- _Task to carry out_: Please return each entry exactly as it appears, but not the pictures.

- _Data provided_:

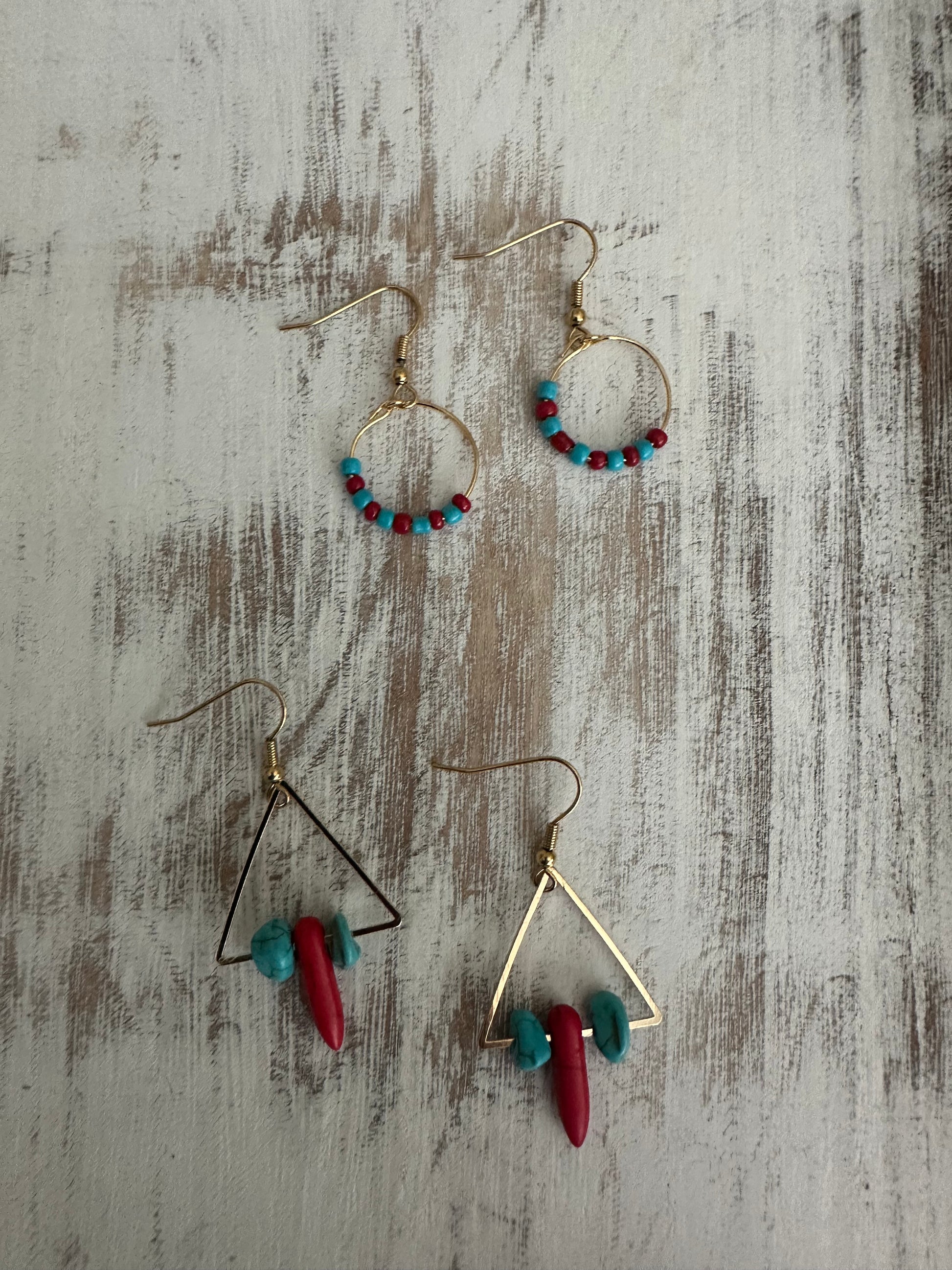 - Triangle style: 8mm turquoise chip stones + 16mm red dyed magnesite spike beads, approx. 1″ wide
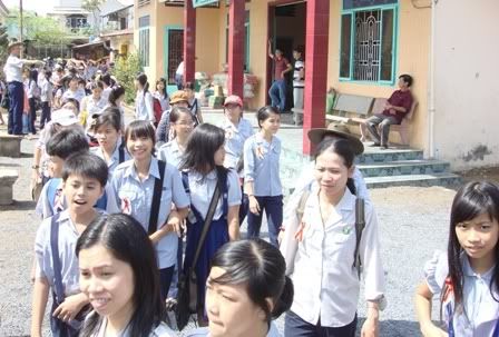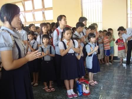 Tặng quà của đoàn sinh cho các em ở trong trường
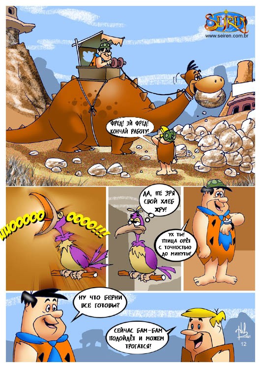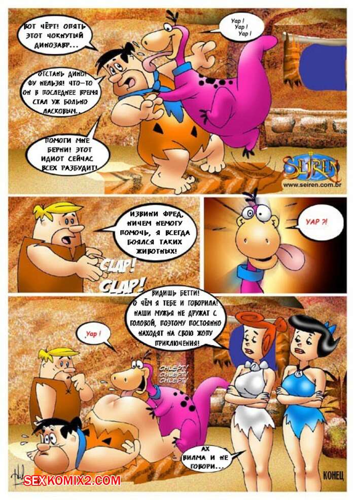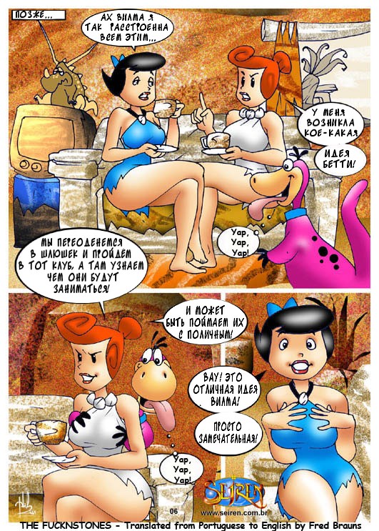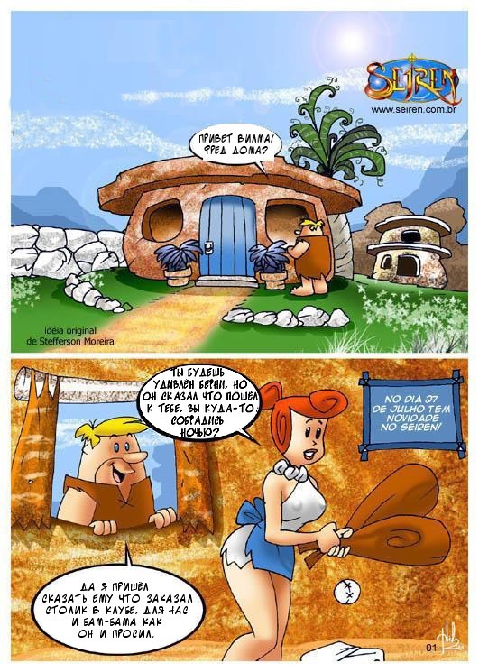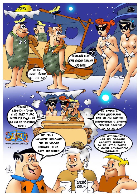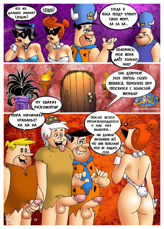 Порно комикс «Флинстоуны (The Flintstones)». Смотрите комикс онлайн пародия на знаменитый мультфильм. Берни и Фред собрались в тайне от своих жен сходить в ночной клуб, но случайно проболтались. И их сексапильные женщины решили тоже сходить в этот клуб, но чтобы мужья их не узнали, они надели маски. В то время, когда парни уже во всю веселились и прилично выпив, заказали проституток, им привели их жен. Охранник на входе по ошибке перепутал их со шлюхами. И мужья думаю, что это чужие девушки принялись трахать своих собственных жён.
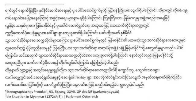 Am 26.03.2021 wird auch folgender Entschließungsantrag der Regierungsparteien einstimmig angenommen: „Die Bundesregierung, insbesondere der Bundesminister für europäische und internationale Angelegenheiten, wird ersucht, den Coup in Myanmar zu verurteilen und sich für eine unabhängige internationale Untersuchung der Vorgänge, insbesondere in menschenrechtlicher Hinsicht, einzusetzen. Die Bundesregierung, insbesondere der Bundesminister für europäische und internationale Angelegenheiten, wird ersucht, sich gemeinsam im Verbund mit den EU-Partnern für eine Freilassung der festgenommenen Politiker*innen und Vertreter*innen der Zivilgesellschaft in Myanmar, eine Rückkehr zum demokratischen Prozess und eine Wiederherstellung der Zivilregierung einzusetzen. Weiters wird die Bundesregierung ersucht, die österreichischen Anstrengungen im Hinblick auf die Verbesserung der Situation der Rohingya fortzusetzen."7
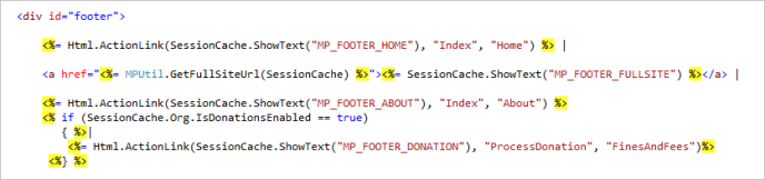 To add links to the footer, edit MobilePAC/Views/Shared/Site.Master in the section of code shown below:

- _Exercise solution_:
 - Triangle style: 8mm turquoise chip stones + 16mm red dyed magnesite spike beads, approx. 1″ wide
 Tặng quà của đoàn sinh cho các em ở trong trường
 Порно комикс «Флинстоуны (The Flintstones)». Смотрите комикс онлайн пародия на знаменитый мультфильм. Берни и Фред собрались в тайне от своих жен сходить в ночной клуб, но случайно проболтались. И их сексапильные женщины решили тоже сходить в этот клуб, но чтобы мужья их не узнали, они надели маски. В то время, когда парни уже во всю веселились и прилично выпив, заказали проституток, им привели их жен. Охранник на входе по ошибке перепутал их со шлюхами. И мужья думаю, что это чужие девушки принялись трахать своих собственных жён.
 Am 26.03.2021 wird auch folgender Entschließungsantrag der Regierungsparteien einstimmig angenommen: „Die Bundesregierung, insbesondere der Bundesminister für europäische und internationale Angelegenheiten, wird ersucht, den Coup in Myanmar zu verurteilen und sich für eine unabhängige internationale Untersuchung der Vorgänge, insbesondere in menschenrechtlicher Hinsicht, einzusetzen. Die Bundesregierung, insbesondere der Bundesminister für europäische und internationale Angelegenheiten, wird ersucht, sich gemeinsam im Verbund mit den EU-Partnern für eine Freilassung der festgenommenen Politiker*innen und Vertreter*innen der Zivilgesellschaft in Myanmar, eine Rückkehr zum demokratischen Prozess und eine Wiederherstellung der Zivilregierung einzusetzen. Weiters wird die Bundesregierung ersucht, die österreichischen Anstrengungen im Hinblick auf die Verbesserung der Situation der Rohingya fortzusetzen."7
 To add links to the footer, edit MobilePAC/Views/Shared/Site.Master in the section of code shown below:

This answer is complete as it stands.